Later on, what really helped me, was one of these people. Which makes it so much more unfair, that they're hurting now. The support, love, moral backup and care that this person showed me, when I was so vulnerable, will forever be comepletely priceless to me. They were there. Completely there, whatever I needed, even when that was tough honesty. They taught me that handling conflicts can be done in a caring, respectful way, where both parties are heard and where winning and losing don't need to even be a thing. They helped me be okay with not always being my best, and that it doesn't make me a bad person to stand my ground. They made me understand that feelings are valid. Not just mine, not just everyone elses, but all feelings. All feelings are valid and should be recognized. But noones feelings should dictate your actions, especially if it makes you compromise in a way that makes you feel uncomfortable or unhappy.

And these things have helped me be a happier person. I no longer keep people who drain me in my life, I prioritize those I know give me something back. And I'm way more careful with who I invest in, because I'd rather put my energy in those who put theirs in me, in a way I agree with. I don't have to be polite, if I don't like someone. And that doesn't make me a bad person, it makes me someone who knows her limits, and works within them, rather than stretching myself to the point where I break. A broken me isn't any good to anyone.

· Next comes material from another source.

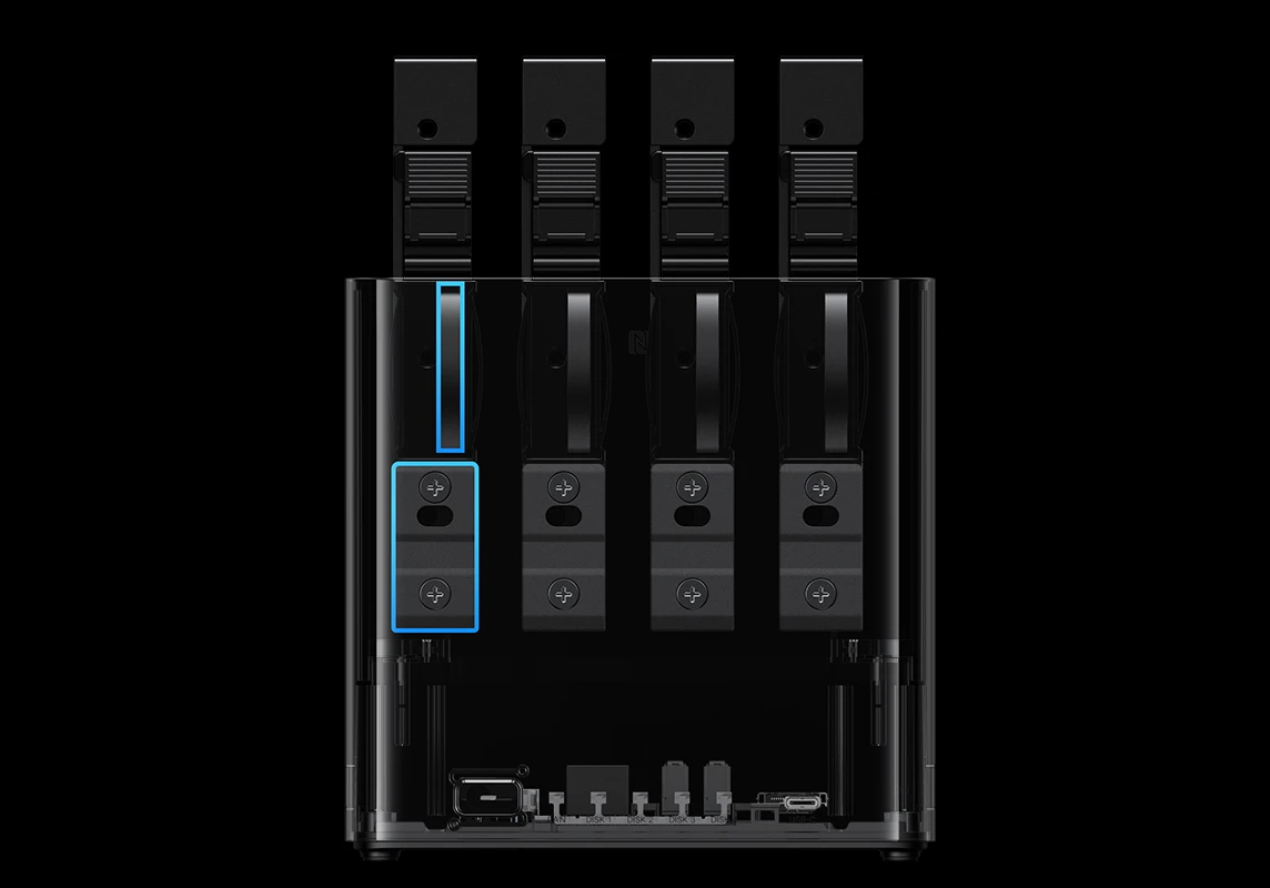 同样不同于DX系列的硬盘免工具拆装设计,绿联DH4300 Plus的硬盘支架是需要拧螺丝来固定的。

And now, I'm just hoping I can give something back. That I can reach them, the way they reached me, and just.. Give them that little bit of feeling okay, just a tiny bit, to try and repay something I can never fully repay. Because wonderful people deserve better than this. They've given so much, so many positive things, and done amazing things, and I can't believe that this should be the repayment. There's something amazing out there, waiting for them. Because there has to be. It's the only explanation for what is going on right now, the universe is saving up for something wonderful, for them.

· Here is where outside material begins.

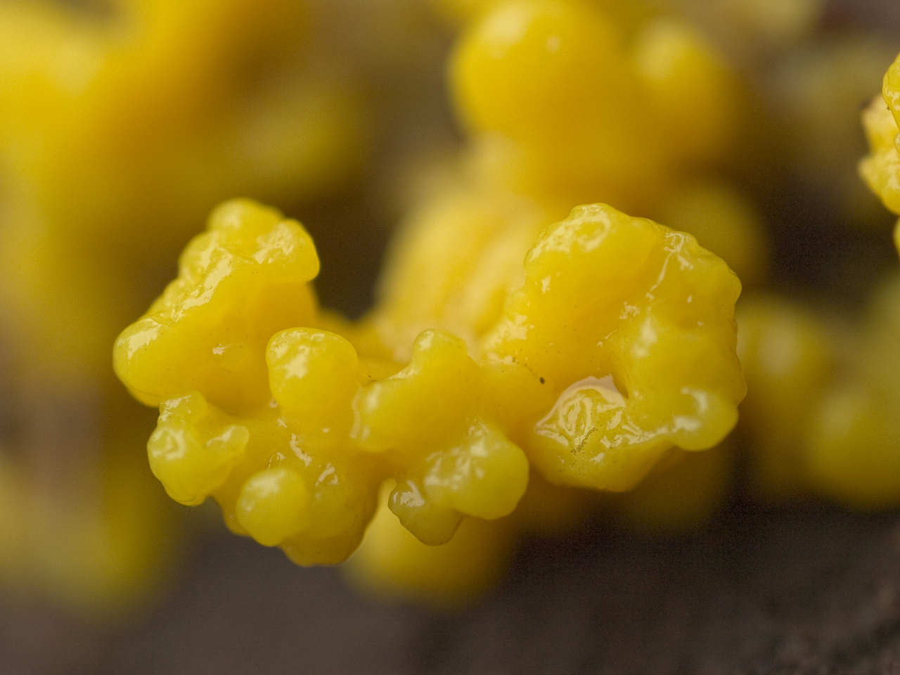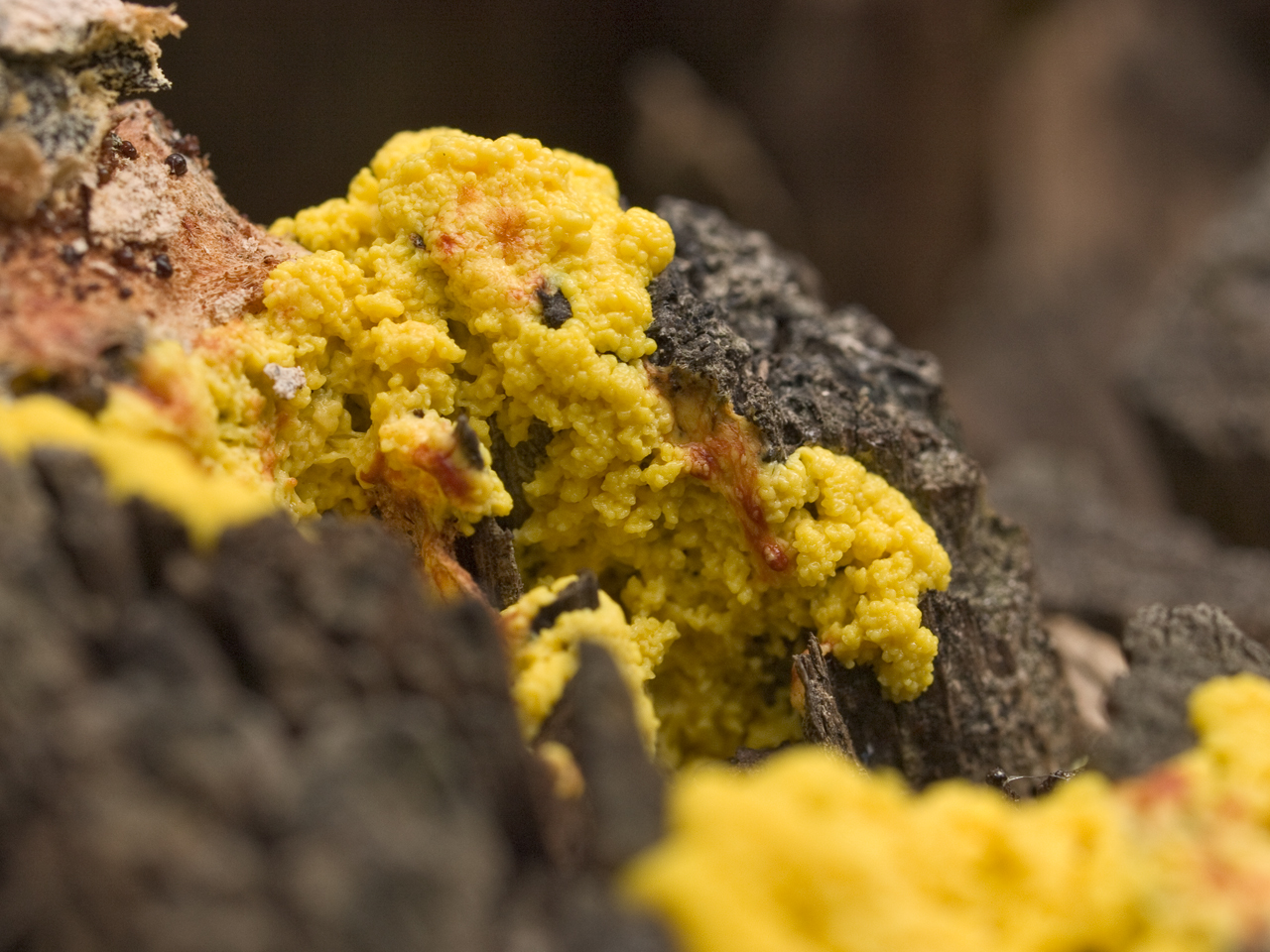 2010 07/01 16:04:06 切り株についていた粘菌。下の状態から 上の写真のようになるまで約1分。 (画面の幅は5mmくらい) 呼吸するように伸縮しながら、少しずつ 移動していた。 OLYMPUS ZUIKO AUTO-MACRO 20mm F2.0 | |

That's my hope. My wish. I'd say prayer, if I believed in that. I'm okay giving up on the karmic repayment, you can give my share to them. They'd never claim to need it more, but I want them to have it, more than I want it for myself. And that's who I am, my refound, reformed, reshapen old self. The one who wants those she loves, to be as happy as they can be, even if it costs me my share. But for them, it's worth it.